CGroups v2, maybe? Pause requires CGroups which for rootless containers are only available on v2.

mheon commented 4 years ago

Might be a good idea.

mheon commented 4 years ago

@giuseppe We expect pause to work rootless on v2, correct?

giuseppe commented 4 years ago

@giuseppe We expect pause to work rootless on v2, correct?

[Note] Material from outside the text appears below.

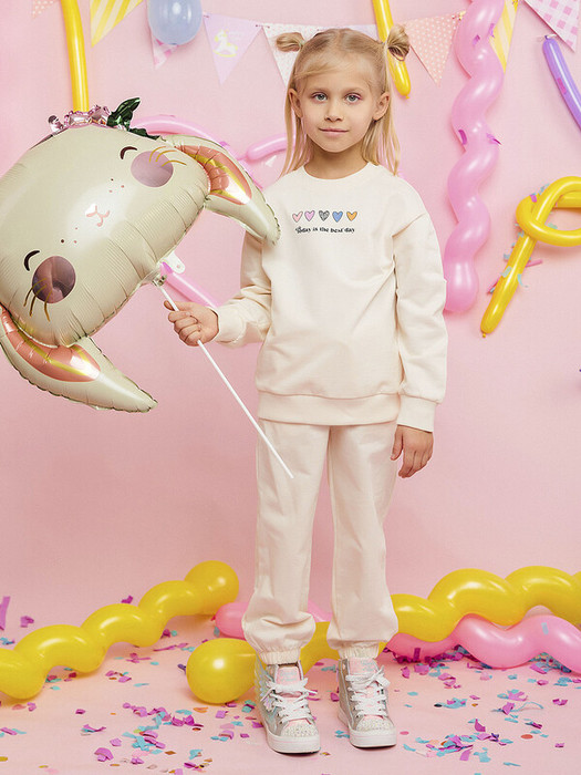 Комплект детский трикотажный в бежевой расцветке: джемпер и брюки. Стильный, уютный спортивный костюм бренда batik станет отличным дополнением базового гардероба девочек и мальчиков. В состав комплекта-двойки входят свитшот и брюки. Свитшот с эластичными манжетами и принтом в виде надписи и сердечек на груди. Брюки однотонные с резинкой по низу и боковыми карманами.Характеристики:Ткань: Футер 2х нитка 100% хлопокПроизводитель: batik

yes, pause should work on cgroup v2 as rootless as well

sshnaidm commented 4 years ago

As I see in code pause=false is default only with cgroups v1 and it's what causes problems for fedora31. Is that a specific reason for it? https://github.com/containers/libpod/blob/f85b3a01f050e4f8af8471f396013f18647d9241/cmd/podman/cp.go#L496 @giuseppe @mheon ^^

mheon commented 4 years ago

It sounds like we expect pause to work for CGroups v2, so the fact that it's not is probably a bug

sshnaidm commented 4 years ago

@mheon so should we stop to require pause=False on cgroups v2 for rootless containers? If I set now explicitly --pause false in ansible module - will it break some higher/future versions..? Would be better to have it solved in podman maybe.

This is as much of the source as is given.